The aim of this pilot study was to determine the origin in vivo of fibulin-1 (stromal, epithelial, or blood), its significance in tumor progression, and its possible correlation with estrogen and progesterone receptors. We studied the distribution and levels of fibulin-1, ERα, and PgR protein by immunohistochemistry in 14 normal ovaries and 44 human ovarian epithelial tumors. In some tumors, we defined cells producing fibulin-1 mRNA by in situ hybridization.

Materials and Methods

Patients and Ovarian Tissue Sampling

Ovarian tumors were obtained from the Departments of Gynecology and Surgery of the University Hospital of Montpellier, France. After surgery, tumors for immunohistochemical analysis were routinely fixed in formaldehyde (40%; 0.1:1, v/v), acetic acid (100%; 0.1:1, v/v), and methanol (100%; 0.4:1, v/v) in distilled water (FAAM) for at least 24 hours and embedded in paraffin. Thirty-three ovarian epithelial tumors diagnosed between 1994 and 1996 in the Pathology Department included five serous borderline tumors, sixteen serous carcinomas, four mucinous carcinomas, four endometrioid carcinomas, and four clear-cell carcinomas. Eleven serous cystadenomas diagnosed during the same period were selected at random for the same analysis. Fourteen normal ovaries were taken from total hysterectomies performed for prolapsus or fibromyoma. Serous carcinomas and serous cystadenomas to be analyzed by in situ hybridization were immediately frozen in liquid nitrogen after surgical removal and stored at −80°C until in situ hybridization and immunohistochemical analysis of adjacent frozen sections. All tissues were collected for therapeutic or diagnostic purposes according to the ethical rules of Helsinki (1984), modified in Tokyo, and with the approval of the local ethics committee.

Immunohistochemistry

Immunohistochemical analysis was performed on adjacent sections of each paraffin-embedded block of tumors and normal ovaries using control antibody and fibulin-1, ERα, and PgR antibodies, respectively.

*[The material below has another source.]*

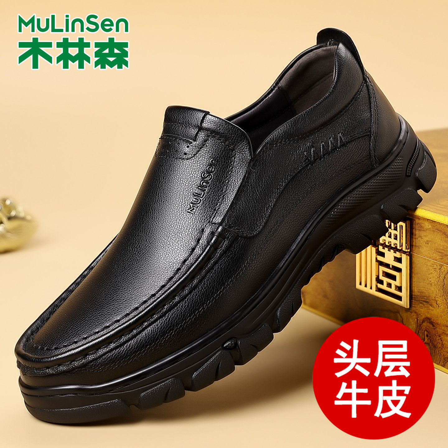 木林森男士头层牛皮皮鞋商务通勤鞋舒适透气软底百搭日常休闲男鞋

Fibulin-1 staining was performed as described with the mouse anti-human monoclonal antibody (MAb) 3A11. 11

ERα was revealed with 1D5 MAb 17 (Dako, Glostrup, Denmark) at 2.5 μg/ml using a microwave antigen retrieval technique. 18 The 1D5 MAb has been directed at the AB domain of the ERα and does not stain ERβ as checked after transfection of ERβ expression vector into MDA-MB231 cells (A. Lucas, unpublished). PgR was revealed with mPRIII (Transbio SARL, Boulogne, France) at 2.5 μg/ml. 19 Staining was performed using a standard streptavidin-biotin enhanced immunoperoxidase technique (LSAB kit, Dako).

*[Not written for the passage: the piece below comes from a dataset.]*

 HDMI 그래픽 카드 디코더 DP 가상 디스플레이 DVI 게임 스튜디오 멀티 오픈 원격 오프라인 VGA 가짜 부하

Immunostaining specificity was checked using an irrelevant mouse MAb of the same immunoglobulin (Ig) subclass: UPC10 (Sigma) for 3A11 (IgG2a) and MOPC 21 (Sigma) for 1D5 and mPRIII (IgG1). In each experiment, sections of the same FAAM-fixed and paraffin-embedded cell pellet were used as positive external control: BG1 ovarian cancer cell line 20 for Fib-1 staining, ERα-transfected 3Y1-AD12 cell line 21 for ERα staining, and MCF7 for PgR staining.

Fibulin-1 staining was also performed on frozen sections adjacent to sections used for in situ hybridization. The immunostaining technique was the same as that used for the paraffin-embedded samples but with only 1 μg/ml 3A11 MAb and without Pronase treatment.

Immunostaining Quantification

Fibulin-1 staining intensity was quantified with an image analyzer (SAMBA TITN, Unilog, Grenoble, France) adapted to a Leitz DMRB light microscope (Leica, Wetzlar, Germany) and a 3-CCD DXC-950P color video camera (Sony Corp., Tokyo, Japan) connected to a microcomputer. Fibulin-1 staining intensity was quantified in each section (ovarian and/or peritoneal localization) of the 32 serous tumors, both in proximal tumor stroma (stroma located 0 to 550 μm from tumor cells) and in distant stroma (stroma located 550 μm to 1.5 mm from these cells). In normal ovaries, fibulin-1 staining was also quantified in proximal stroma (0 to 550 μm from surface epithelial cells) and in distant stroma. Staining intensity was assessed as the mean integrated optical density measured in each section on 4 to 65 fields (one field corresponding to 550 μm diameter at ×20 magnification). The field number varied with the tumor area and labeling heterogeneity. The background intensity of the negative control in an adjacent section was subtracted from the total intensity to obtain specific staining. 22

No significant variations were observed between experiments, as checked with a positive stained external control (BG1 cells pellet) analyzed in parallel.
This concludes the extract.